POSITION SUMMARY
This position provides coding and abstracting for high tiered complexity range of acute care services at all Banner hospitals.
Reviews diagnosis and diagnostic information and codes and abstracts diagnoses and / or procedures on inpatient records using ICD CM and PCS coding classification systems.
Completes MS-DRG and APR-DRG assignments on inpatient records as appropriate. Ensures ethical and accurate coding in accordance with all regulatory requirements and AHIMA Standards of Ethical Coding.
Acts as subject-matter expert regarding experimental and newly developed procedural and diagnostic inpatient coding.This includes highest level of complexity of accounts encountered in Banner’s Academic, Trauma and high acuity facilities.
Will serve as a role model for less experienced acute care coding Inpatient team members.
CORE FUNCTIONS
1. Analyzes medical information from medical records. Accurately codes diagnostic and procedural information in accordance with national coding guidelines and appropriate reimbursement requirements.
Consults with medical providers to clarify missing or inadequate record information and to determine appropriate diagnostic and procedure codes.
Provides timely and accurate coding in accordance to department specific productivity and quality standards thorough assignment of ICD CM and PCS codes, MS-DRGs, APR-DRGs and POAs for highest level of complexity of Inpatient accounts encountered in Banner’s Academic, Trauma and high acuity facilities.
2. Abstracts clinical diagnoses, procedure codes and documents other pertinent information obtained from the patient encounter.
Seeks out missing information and creates complete records, including items such as disease and procedure codes, discharge disposition, date of surgery, attending physician, consulting physicians, surgeons and anesthesiologists.
Refers inconsistent patient treatment information or documentation to coding support tech, coding quality analyst or coding manager for clarification / additional information for accurate code assignment.
3. Provides coding quality assurance for medical records. For all assigned records and / or areas assures compliance with coding rules and regulations according to regulatory agencies for state Medicaid plans, Center for Medicare Services (CMS), Office of the Inspector General (OIG) and the Health Care Financing Administration (HCFA), as well as company and applicable professional standards.
Ability to address related and complex matters independently with regard to interpretation of coding guidelines.
4. Acts as a knowledge resource for internal and external customers. Acts as subject-matter expert regarding experimental and newly developed procedural and diagnostic inpatient coding.
Will provide mentorship to less experienced or otherwise identified staff members.Will collaborate with Acute Care Coding Leaders and Education team in identifying need for new and / or ongoing training for ACC team.
5. Works under general supervision using specialized expertise in the subject matter. Works within a set of defined rules.

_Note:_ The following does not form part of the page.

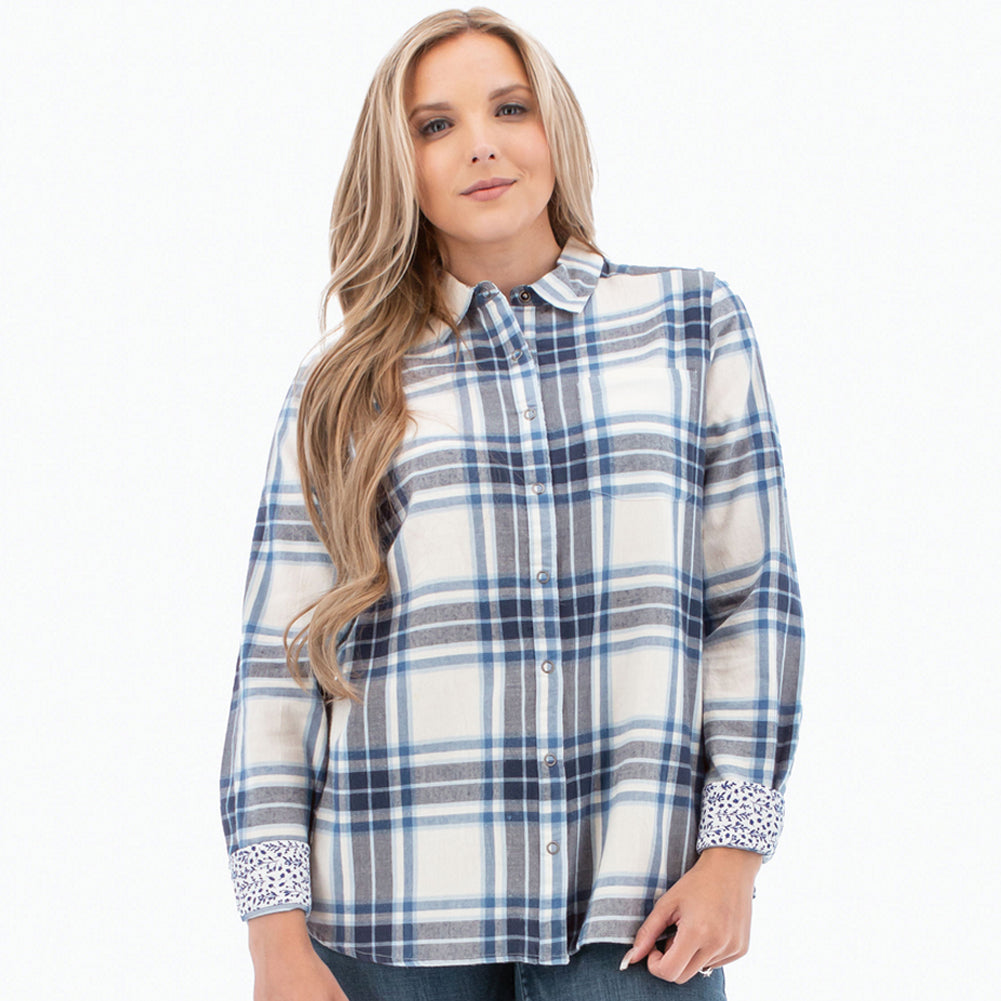 The Aveline Shirt is a classic flannel made for the modern woman. It's all about the details with this one, like the fact Old Ranch Brands utilized 100% natural cotton to make the cozy brushed flannel fabric. Or how the trim at the underside of the cuff, placket, and collar pops with a miniature floral print. We also love the fit of this top: relaxed and comfortable. Traditional finishes are noted throughout, such as the full snap front and the single chest pocket. From work to life, the Aveline Shirt is sure to fit right in.

Ability to address related and complex matters independently with regard to interpretation of coding guidelines prior to referral to senior manager, educator or Coding Quality Analyst.
MINIMUM QUALIFICATIONS
High school diploma / GED or equivalent working knowledge and specialized formal training in medical record keeping principles and practices, anatomy, physiology, pathology, medical terminology, standard nomenclature, and classification of diagnoses and operations, or an Associate’s degree in a health care field.
Requires Certified Coding Specialist (CCS) or Certified Outpatient Coder (COC) or Certified Professional Coder (CPC) or Registered Health Information Technologist (RHIT) or Registered Health Information Administration (RHIA) or other appropriate coding certification in an active status with the American Health Information Management Association (AHIMA) or American Academy of Professional Coders (AAPC).
Must demonstrate a level of knowledge and understanding of ICD CM and PCS coding principles as recommended by the American Health Information Management Association coding competencies.
Requires five or more years of inpatient coding experience in Acute Care inpatient facility or healthcare system.
Must be able to work effectively and efficiently in a remote setting, utilizing common office software and coding software and abstracting systems.
PREFERRED QUALIFICATIONS
Associates degree in a job-related field or experience equivalent to same.
Previous experience in large, multi-system healthcare organization.
Additional related education and / or experience preferred.